Evidence of ancient settlement around the village include a number of ringfort, bawn, enclosure and crannog sites in the townlands of Claregalway, Cloonacauneen, Lydacan and Pollaghrevagh.

Among the larger historical sites, within the village bounds on the banks of the River Clare, are Claregalway Friary, founded in mid-13th century, and a Norman tower house dating to the 16th century.

According to the Annals of Connacht, O'Domnaill (of the O'Donnell's of Tírconnell) and Macwilliam Burke (of the Burkes of Mayo "burnt the town" of Claregalway in

In 2001, a restoration of an old bridge over the old course of the River Clare was completed. These nine stone arches are above the level of the current road.
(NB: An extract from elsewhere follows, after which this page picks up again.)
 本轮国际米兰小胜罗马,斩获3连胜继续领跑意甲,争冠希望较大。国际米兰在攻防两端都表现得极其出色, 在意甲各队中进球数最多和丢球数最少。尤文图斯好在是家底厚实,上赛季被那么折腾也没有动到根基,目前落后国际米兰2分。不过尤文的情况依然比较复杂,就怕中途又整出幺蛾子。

19th-century view showing the abbey, the old bridge and the tower

The civil parish of Claregalway (Baile Chláir) is approximately 50 km2 in area and spans 29 townlands. Some of the larger townlands include Carnmore, Lydican, Loughgeorge and Cregboy. Lydican is notable as the origin of the Irish ancestors (Patrick Lynch) of Che Guevara. Lydican was the site of an O'Heyne Castle and the last of the chieftains, Connor Crone O Heyne, was living there in 1612. The lands of the O'Heyne chieftains were confiscated in the late 17th century and it was then that the Lynches took up residence there. The Lynches principal holdings were in the city of Galway.
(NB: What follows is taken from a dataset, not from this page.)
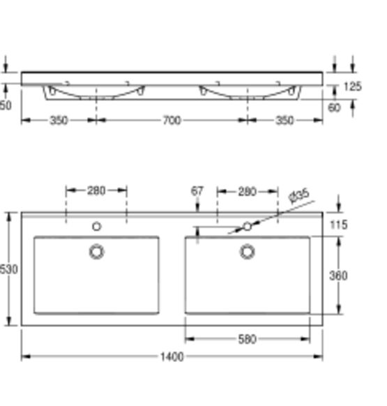 Dimensions 1400 x 125 x 530 mm (L x H x P)
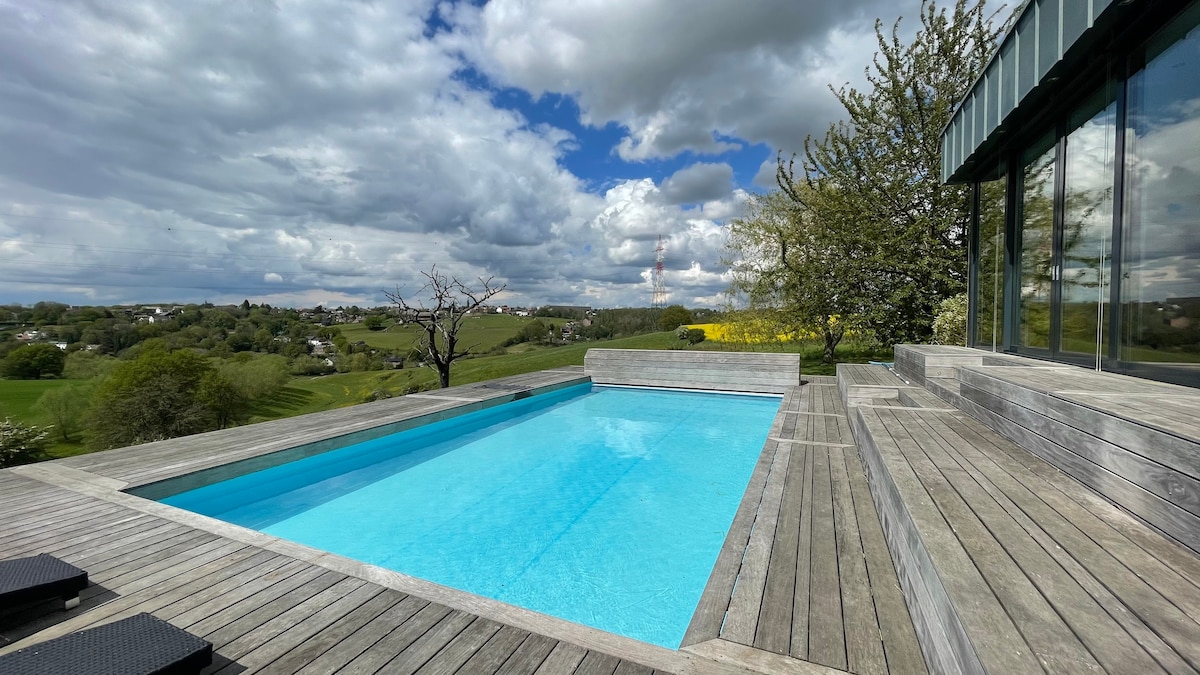 Endroit magnifique et luxueux, wellness, feu ouvert, piscine extérieure en été, spa de nage à contre-courant en hiver, jacuzzi extérieur, billard, fitness, salle à manger japonaise. Salon avec feu ouvert, cuisine confortable, véranda avec vue magnifique, 5 chambres chacune avec salle de bain privative. Jardin, bbq, meubles de jardin, séjour de minimum 2 nuits. Parking 5 voitures. Borne de recharge. Pas de groupe de jeunes (>30 ans). Possibilité suivant disponibilité de départ tardif le dimanche.

Until September 2017, the village sat at the junction of the busy N17 and N18 national primary routes with over 27,000 vehicles having formerly passed through the village every day.
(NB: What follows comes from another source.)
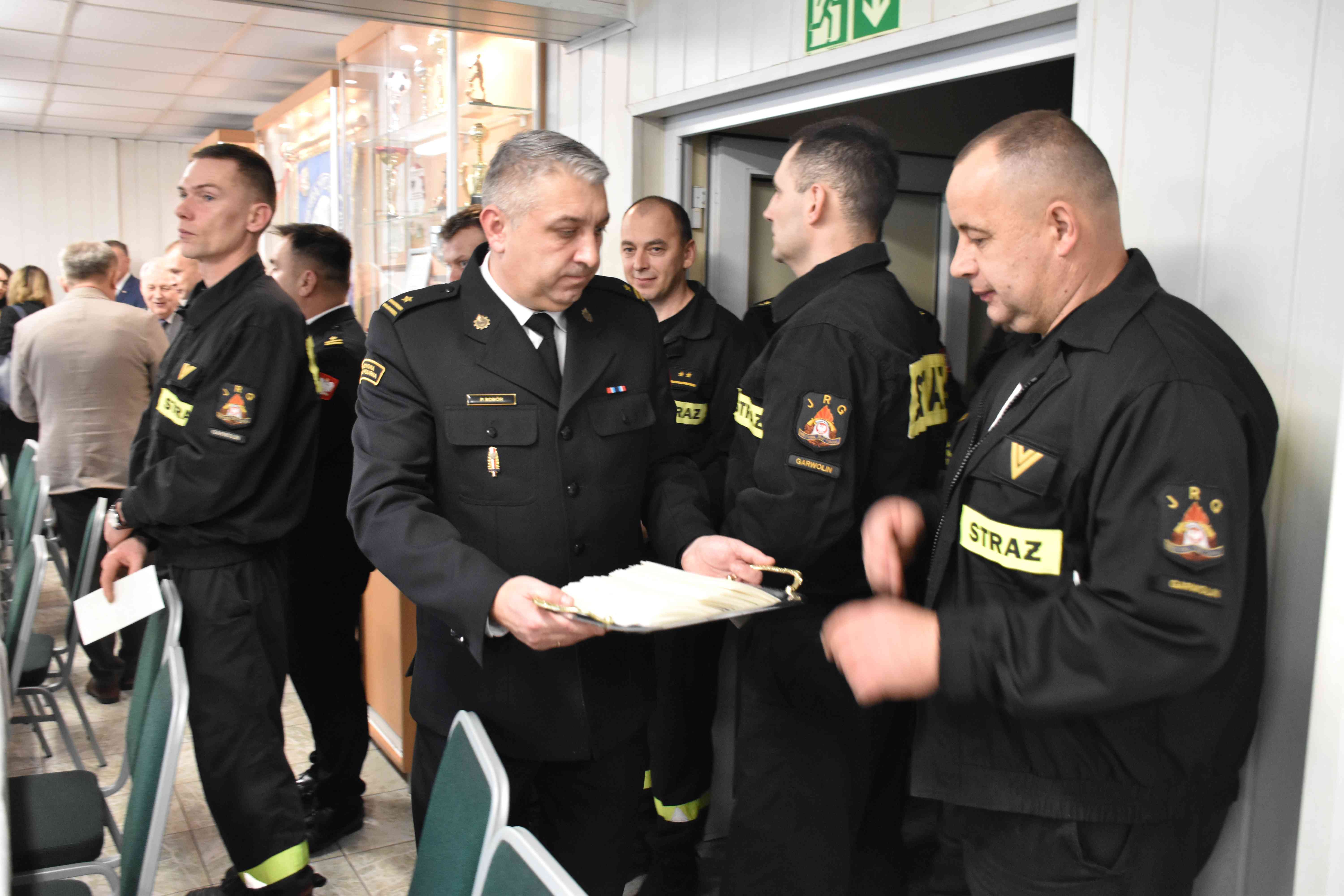 Komendant Powiatowy PSP w Garwolinie mł. bryg. Tomasz Biernacki przywitał przybyłych gości i przekazał najserdeczniejsze życzenia z okazji zbliżających się Świąt Bożego Narodzenia.

In early 2026 it was reported that Claregalway was the subject of a proposed Galway County Council "masterplan aimed at regenerating the village and transforming it into a small town". As of May 2026, a proposed Claregalway by-pass was included in the National Development Plan for the first time.

==Demographics==
The population of the village more than tripled in size in the 20 years between the 2002 and 2022. The village is within the commuter belt of Galway City, with the 2022 census indicating that over 50% of people in the village had commutes of more than 15 minutes.

===Irish language===
According to the 2022 census, there were 1,632 people living in Baile Chláir, of which less than 2% indicated that they spoke Irish every day outside of the education system. This makes Baile Chláir one of the weakest Gaeltacht towns in the country, with the majority of the population speaking English.

==Culture==
Claregalway hosts a drama festival each year in March. Compántas Lir is an amateur drama group which is based in Claregalway and Carnmore.

==Education==
Coláiste Bhaile Chláir is a co-educational secondary school in Claregalway. As of December 2024, it had an enrollment of over 1,270.

==Sport==
Claregalway CLG is the local Gaelic Athletic Association (GAA) club.

The local basketball club participates in local leagues at underage through to senior level.

Claregalway Handball club opened a new-arena style handball alley in 2018.

==Notable residents==
- Dana Rosemary Scallon, Irish singer and former MEP.